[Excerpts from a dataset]

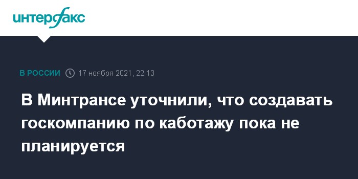 В Минтрансе уточнили, что создавать госкомпанию по каботажу пока не планируется
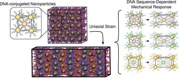 The self-assembly of DNA-conjugated nanoparticles represents a promising avenue toward the design of engineered hierarchical materials. By using DNA to encode nanoscale interactions, macroscale crystals can be formed with mechanical properties that can, at least in principle, be tuned. Here we present in silico evidence that the mechanical response of these assemblies can indeed be controlled, and that subtle modifications of the linking DNA sequences can change the Young’s modulus from 97 kPa to 2.1 MPa. We rely on a detailed molecular model to quantify the energetics of DNA–nanoparticle assembly and demonstrate that the mechanical response is governed by entropic, rather than enthalpic, contributions and that the response of the entire network can be estimated from the elastic properties of an individual nanoparticle. The results here provide a first step toward the mechanical characterization of DNA–nanoparticle assemblies, and suggest the possibility of mechanical metamaterials constructed using DNA.
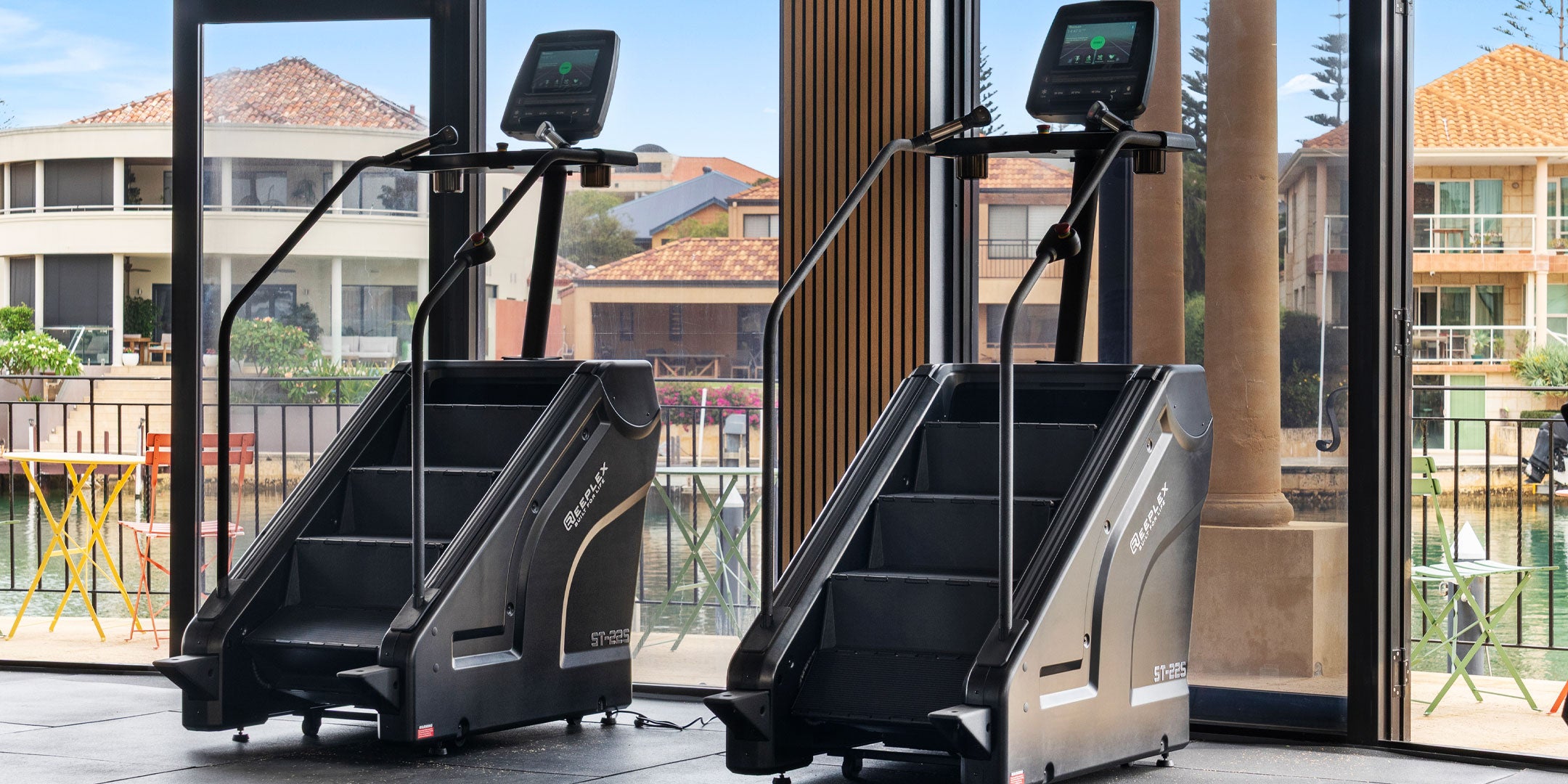 Maximize your workout potential with the Reeplex ST-22S Commercial Stair Climber. Featuring a 10" touchscreen display, this high-quality machine offers top-of-the-line features for ultimate efficiency. Elevate your fitness routine with the Reeplex ST-22S Commercial Stair Climber.
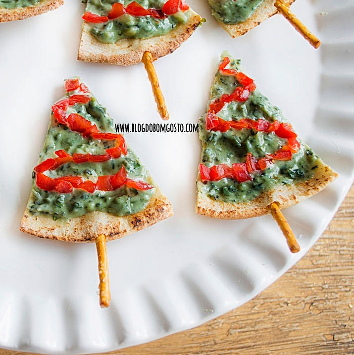 1)  Canapés ‘Árvore de Natal’: Um delicioso patê de gorgonzola com ervas e tomate faz é responsável pelo sabor e pela decoração dessas torradinhas natalinas. Ficam lindas à ponto de dar dó de comer. Mas, ao experimentar, duvido que conseguirá comer uma só!
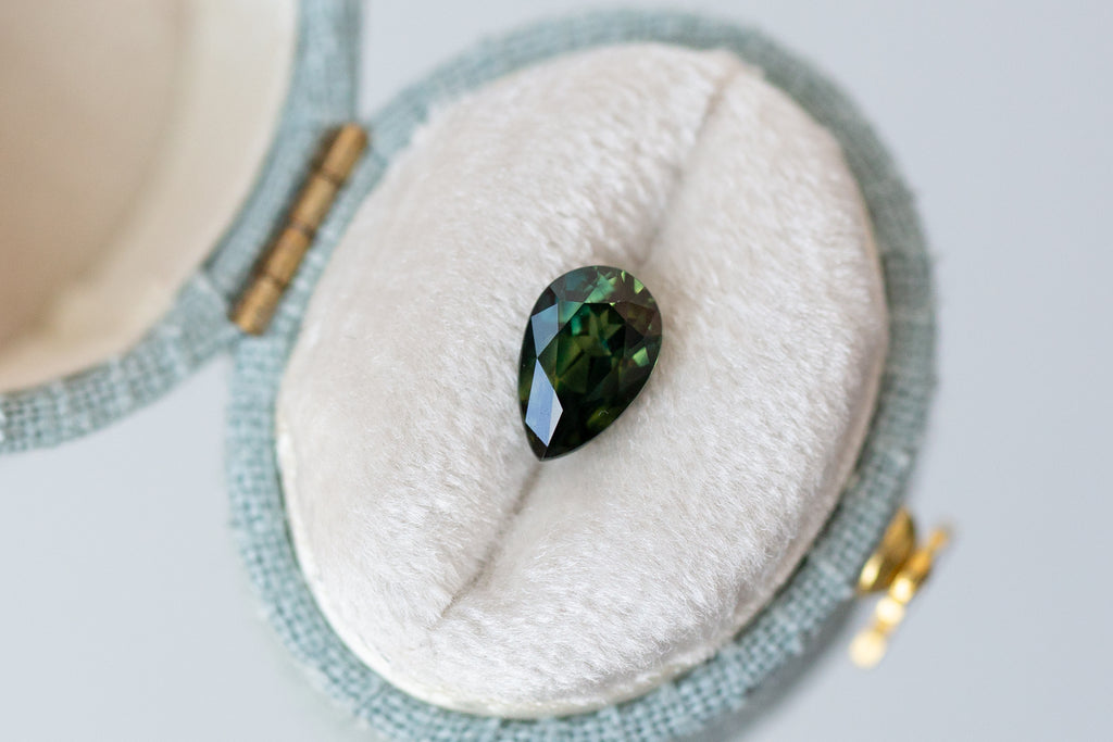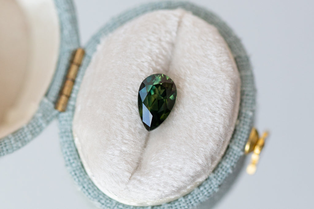 1.55ct Pear Deep Green Teal Sapphire
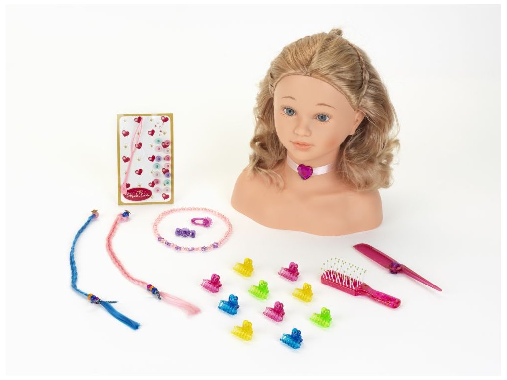 Velká česací hlava se spoustou doplňků. Panenku můžeš učesat, aby byla krásná. Vhodné pro děti od 3 let.
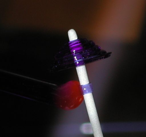 There were a bunch of fuzzy photos, so you're mercifully spared much the lather, rinse and repeat. Beginners may want to stop here. For the more adventurous, hey, you've got the slow step—getting the rod molten—done, so you may as well take advantage and put another bead on, right? However, after you've made the first half of your second bead, spend a few seconds twirling the first in the heat—usually one complete rotation will do the trick. Then warm up your first half of your second bead—it's a little fragile, till those coils get melted in. If in doubt, warm the first bead and then the first half the second bead in an alternating pattern a couple of times, to make them good and happy before starting on the second half of bead no. 2, as shown here.
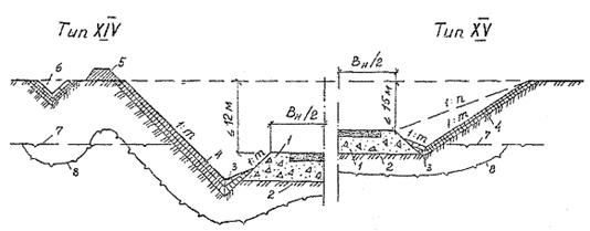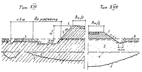 При проектировании автомобильных дорог по принципу обеспечения оттаивания и осушения грунтов основания с учетом допускаемых деформаций земляное полотно конструируют в насыпях (рис. 8.11, типы ХVI, ХVII). При этом необходимо не менее чем за год до начала основных работ расчистить дорожную полосу от леса и кустарника, сплошь снять мохорастительный покров в пределах дорожной полосы и устроить водоотводные канавы.

[EXERCISE AIM]:
Write out the data in full and exactly as given, though without the images.

[SOLVED EXERCISE]:
 В Минтрансе уточнили, что создавать госкомпанию по каботажу пока не планируется
 The self-assembly of DNA-conjugated nanoparticles represents a promising avenue toward the design of engineered hierarchical materials. By using DNA to encode nanoscale interactions, macroscale crystals can be formed with mechanical properties that can, at least in principle, be tuned. Here we present in silico evidence that the mechanical response of these assemblies can indeed be controlled, and that subtle modifications of the linking DNA sequences can change the Young’s modulus from 97 kPa to 2.1 MPa. We rely on a detailed molecular model to quantify the energetics of DNA–nanoparticle assembly and demonstrate that the mechanical response is governed by entropic, rather than enthalpic, contributions and that the response of the entire network can be estimated from the elastic properties of an individual nanoparticle. The results here provide a first step toward the mechanical characterization of DNA–nanoparticle assemblies, and suggest the possibility of mechanical metamaterials constructed using DNA.
 Maximize your workout potential with the Reeplex ST-22S Commercial Stair Climber. Featuring a 10" touchscreen display, this high-quality machine offers top-of-the-line features for ultimate efficiency. Elevate your fitness routine with the Reeplex ST-22S Commercial Stair Climber.
 1)  Canapés ‘Árvore de Natal’: Um delicioso patê de gorgonzola com ervas e tomate faz é responsável pelo sabor e pela decoração dessas torradinhas natalinas. Ficam lindas à ponto de dar dó de comer. Mas, ao experimentar, duvido que conseguirá comer uma só!
 1.55ct Pear Deep Green Teal Sapphire
 Velká česací hlava se spoustou doplňků. Panenku můžeš učesat, aby byla krásná. Vhodné pro děti od 3 let.
 There were a bunch of fuzzy photos, so you're mercifully spared much the lather, rinse and repeat. Beginners may want to stop here. For the more adventurous, hey, you've got the slow step—getting the rod molten—done, so you may as well take advantage and put another bead on, right? However, after you've made the first half of your second bead, spend a few seconds twirling the first in the heat—usually one complete rotation will do the trick. Then warm up your first half of your second bead—it's a little fragile, till those coils get melted in. If in doubt, warm the first bead and then the first half the second bead in an alternating pattern a couple of times, to make them good and happy before starting on the second half of bead no. 2, as shown here.
 При проектировании автомобильных дорог по принципу обеспечения оттаивания и осушения грунтов основания с учетом допускаемых деформаций земляное полотно конструируют в насыпях (рис. 8.11, типы ХVI, ХVII). При этом необходимо не менее чем за год до начала основных работ расчистить дорожную полосу от леса и кустарника, сплошь снять мохорастительный покров в пределах дорожной полосы и устроить водоотводные канавы.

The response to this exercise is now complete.